Hear. See. Do.

 

 

   Research-Based, and Scope and Sequenced

  (The following items are simultaneously paralleled in each 
  curriculum book, as well as cyclical and spiraling from book to book.)

    Learning to perform a steady beat from individual pulses, to grouped beats (meter), to beat divisions (rhythm), to short rhythmic motives and ostinati, to rhythmic phrases, to rhythmic compositions.

    Learning to sing in tune from developing vocal fold flexibility, to pitch matching in speaking range, to pitch matching in head voice, to melodic fragments and phrases, to vocal ostinati, to complete melodies, to canons, to parallel harmony in thirds and sixths, to chordal harmony.

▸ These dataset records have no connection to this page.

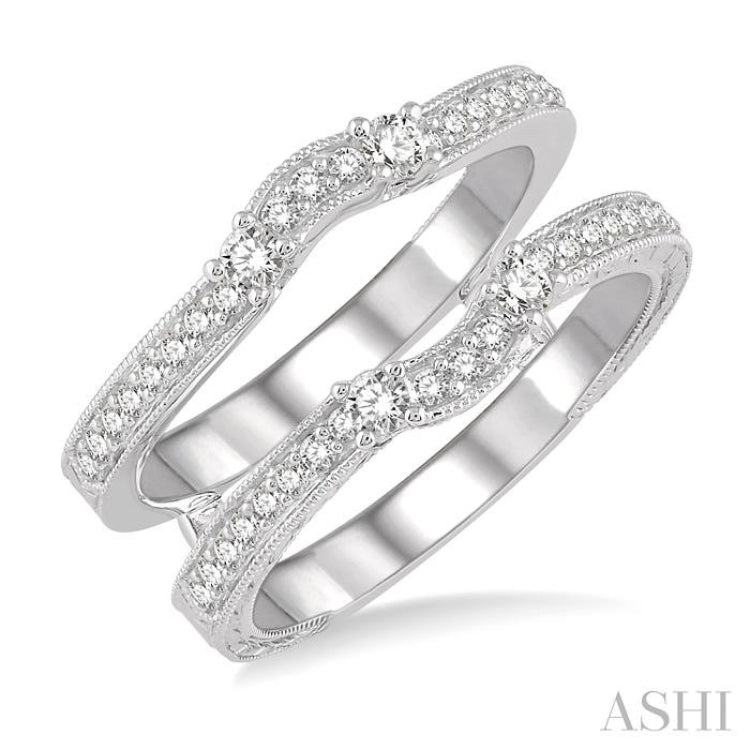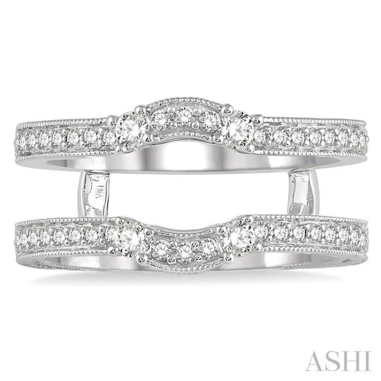 This well-designed lattice diamond insert ring can make a filling addition to a less wide ring. It is also offered a curved center so that it can easily accommodate a mount ring within it. Each ring is embellished with five 1/50 Ct prong set round cut diamonds, lining the arched center. The shank is adorned by 8 pave set round cut diamonds, on either side of shank, totaling 32 round diamonds altogether. A detailed pattern on the sides, along with a milgrain finish, add to the stylish look of the insert ring, which is crafted in 14 karat white gold. Total diamond weight is 1/2 Ctw.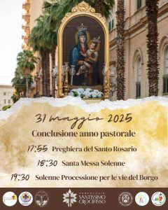 Può essere arricchita ed essere apostolicamente feconda. Si chiuderà, tutto questo percorso, con la processione, che vede la presenza della confraternita di San Cataldo, che per il terzo anno la viene a curare, portando l’immagine della Madonna, e la santa Messa che sarà celebrata da monsignor Filippo Santoro. In un momento delicato, per la città di Grottaglie, che ha registrato un atto intimidatorio avvenuto pochi giorni fa contro l’assessore Stefani, cui ho espresso la mia vicinanza, ci dice che è una città che deve essere vigile. E la comunità cristiana, che vigile deve essere per natura, è chiamata a essere capace di vedere con attenzione quanto accade, ed essere presente perché non metta radici il fenomeno malavitoso che toglierebbe libertà e prospettive.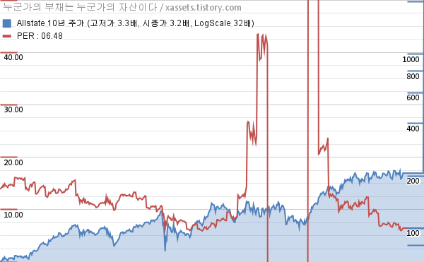 올스테이트 PER 차트 (2016년~2026년)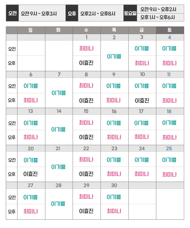 | 토요일 | 오전9시 ~ 오후6시 |

    Always sound before sight.

    Activities in each unit are listed from easy, to medium, to difficult.

    Learning from the whole, to the parts, to the whole (Orff-Schulwerk process).

    Music learning from aural/oral/kinesthetic experiences, to applying music vocabulary, to reading and notating music symbols (Edwin Gordon’s Music Learning Sequences).

    Balancing each lesson to include all the activities of listening, chanting, singing, moving, playing, creating, improvising, reading, notating, describing, and evaluating.

    Activities progressing from basic rhythm and tonal skills, to performing all the music elements, to creating, improvising, and notating music.

    Each lesson plan beginning with the familiar, transitioning to the new, and concluding with some type of review.

    Tracking students' learning music skills, concepts, and elements from introducing, to reviewing, to the competency level.

    Learning to discriminate aurally and performing rhythmic and melodic fragments, to discerning aurally and performing the rhythmic and melodic (harmonic) composite whole.

    Units in which the music elements are presented in music sequence learning order (which is also similar to the MENC National Standards order).

    Learning beginning with the 3 lower discrimination levels (Knowledge, Comprehension, Application), and progressing through the 3 upper inference levels (Analysis, Synthesis, Evaluation)--(Benjamin Bloom’s Taxonomy of the Cognitive).